What to produce
Your job is to return each record exactly, minus any pictures.

Data entries

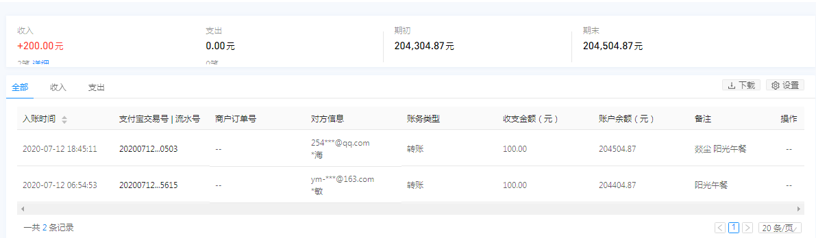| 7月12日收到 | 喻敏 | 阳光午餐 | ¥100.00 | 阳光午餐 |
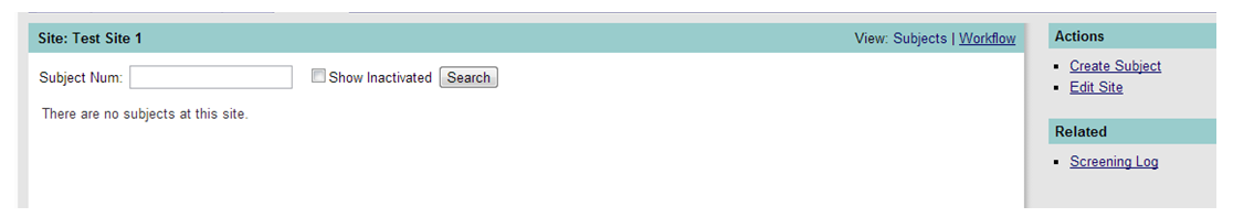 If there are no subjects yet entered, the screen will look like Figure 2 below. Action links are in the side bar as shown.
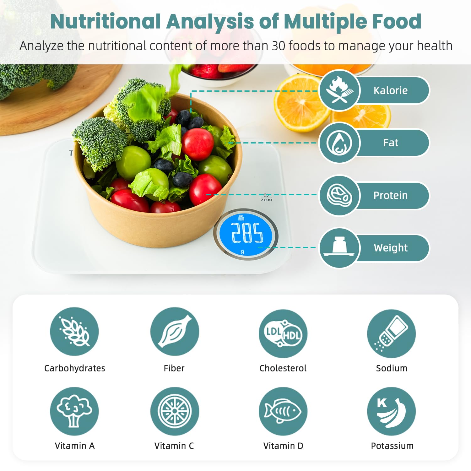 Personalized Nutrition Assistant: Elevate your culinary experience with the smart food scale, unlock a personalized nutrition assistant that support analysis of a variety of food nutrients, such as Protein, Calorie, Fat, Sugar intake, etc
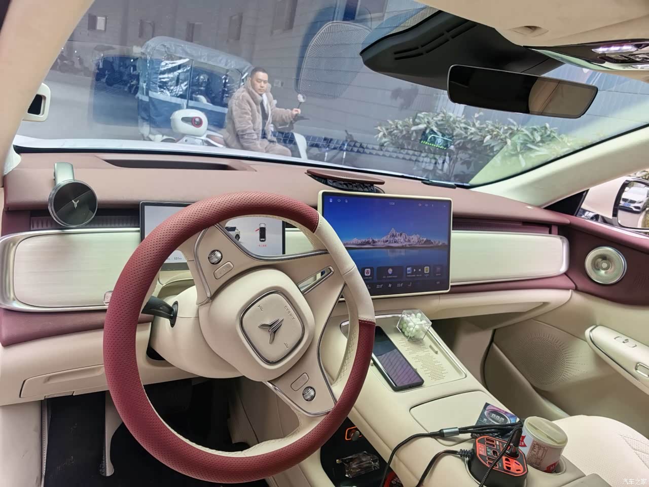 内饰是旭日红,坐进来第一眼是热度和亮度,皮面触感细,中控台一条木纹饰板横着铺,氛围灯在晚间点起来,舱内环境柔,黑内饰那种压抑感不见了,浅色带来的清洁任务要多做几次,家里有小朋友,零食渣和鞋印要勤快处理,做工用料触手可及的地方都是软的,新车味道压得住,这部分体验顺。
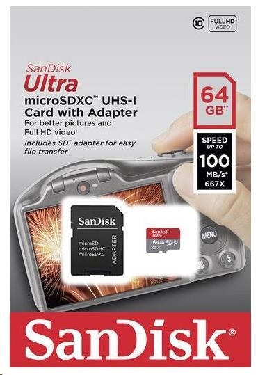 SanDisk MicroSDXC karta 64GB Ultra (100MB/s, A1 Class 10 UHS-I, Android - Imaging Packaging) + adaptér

Solution below
| 7月12日收到 | 喻敏 | 阳光午餐 | ¥100.00 | 阳光午餐 |
 If there are no subjects yet entered, the screen will look like Figure 2 below. Action links are in the side bar as shown.
 Personalized Nutrition Assistant: Elevate your culinary experience with the smart food scale, unlock a personalized nutrition assistant that support analysis of a variety of food nutrients, such as Protein, Calorie, Fat, Sugar intake, etc
 内饰是旭日红,坐进来第一眼是热度和亮度,皮面触感细,中控台一条木纹饰板横着铺,氛围灯在晚间点起来,舱内环境柔,黑内饰那种压抑感不见了,浅色带来的清洁任务要多做几次,家里有小朋友,零食渣和鞋印要勤快处理,做工用料触手可及的地方都是软的,新车味道压得住,这部分体验顺。
 SanDisk MicroSDXC karta 64GB Ultra (100MB/s, A1 Class 10 UHS-I, Android - Imaging Packaging) + adaptér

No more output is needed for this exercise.